The task.
Output exactly the lines from the one with "さらに、寛解導入・維持治療に" to the close of the records below, first and last included.

● ● ● ● ●

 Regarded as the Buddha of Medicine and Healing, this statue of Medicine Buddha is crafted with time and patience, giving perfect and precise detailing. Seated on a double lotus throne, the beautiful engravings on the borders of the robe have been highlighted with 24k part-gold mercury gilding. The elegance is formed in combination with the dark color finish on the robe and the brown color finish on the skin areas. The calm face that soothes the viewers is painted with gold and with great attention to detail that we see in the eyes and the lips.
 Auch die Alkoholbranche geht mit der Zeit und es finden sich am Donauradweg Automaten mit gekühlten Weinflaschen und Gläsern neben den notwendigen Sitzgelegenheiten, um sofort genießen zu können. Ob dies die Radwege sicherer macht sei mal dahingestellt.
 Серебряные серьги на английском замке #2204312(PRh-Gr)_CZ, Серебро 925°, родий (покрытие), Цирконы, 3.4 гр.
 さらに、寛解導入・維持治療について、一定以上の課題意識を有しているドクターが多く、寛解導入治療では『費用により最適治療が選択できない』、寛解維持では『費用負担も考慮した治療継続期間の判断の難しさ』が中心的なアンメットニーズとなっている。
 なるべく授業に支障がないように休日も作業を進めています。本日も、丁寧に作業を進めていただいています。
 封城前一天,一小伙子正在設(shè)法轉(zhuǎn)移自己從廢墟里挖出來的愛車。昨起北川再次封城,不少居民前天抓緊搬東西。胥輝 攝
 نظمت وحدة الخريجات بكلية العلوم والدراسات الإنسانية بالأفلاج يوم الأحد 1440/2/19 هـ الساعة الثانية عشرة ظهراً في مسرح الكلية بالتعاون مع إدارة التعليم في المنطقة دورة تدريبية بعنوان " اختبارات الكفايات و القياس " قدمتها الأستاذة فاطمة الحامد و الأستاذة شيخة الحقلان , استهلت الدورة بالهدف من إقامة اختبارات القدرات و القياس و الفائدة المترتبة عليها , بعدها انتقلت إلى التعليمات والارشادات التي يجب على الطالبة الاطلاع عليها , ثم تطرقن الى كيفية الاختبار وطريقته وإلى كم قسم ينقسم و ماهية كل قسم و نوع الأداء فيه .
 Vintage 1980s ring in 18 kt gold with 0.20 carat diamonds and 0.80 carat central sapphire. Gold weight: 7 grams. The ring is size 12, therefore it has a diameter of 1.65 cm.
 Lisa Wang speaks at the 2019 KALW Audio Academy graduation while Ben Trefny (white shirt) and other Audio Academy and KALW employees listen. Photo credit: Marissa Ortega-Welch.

● ● ● ● ●

Result below.
 さらに、寛解導入・維持治療について、一定以上の課題意識を有しているドクターが多く、寛解導入治療では『費用により最適治療が選択できない』、寛解維持では『費用負担も考慮した治療継続期間の判断の難しさ』が中心的なアンメットニーズとなっている。
 なるべく授業に支障がないように休日も作業を進めています。本日も、丁寧に作業を進めていただいています。
 封城前一天,一小伙子正在設(shè)法轉(zhuǎn)移自己從廢墟里挖出來的愛車。昨起北川再次封城,不少居民前天抓緊搬東西。胥輝 攝
 نظمت وحدة الخريجات بكلية العلوم والدراسات الإنسانية بالأفلاج يوم الأحد 1440/2/19 هـ الساعة الثانية عشرة ظهراً في مسرح الكلية بالتعاون مع إدارة التعليم في المنطقة دورة تدريبية بعنوان " اختبارات الكفايات و القياس " قدمتها الأستاذة فاطمة الحامد و الأستاذة شيخة الحقلان , استهلت الدورة بالهدف من إقامة اختبارات القدرات و القياس و الفائدة المترتبة عليها , بعدها انتقلت إلى التعليمات والارشادات التي يجب على الطالبة الاطلاع عليها , ثم تطرقن الى كيفية الاختبار وطريقته وإلى كم قسم ينقسم و ماهية كل قسم و نوع الأداء فيه .
 Vintage 1980s ring in 18 kt gold with 0.20 carat diamonds and 0.80 carat central sapphire. Gold weight: 7 grams. The ring is size 12, therefore it has a diameter of 1.65 cm.
 Lisa Wang speaks at the 2019 KALW Audio Academy graduation while Ben Trefny (white shirt) and other Audio Academy and KALW employees listen. Photo credit: Marissa Ortega-Welch.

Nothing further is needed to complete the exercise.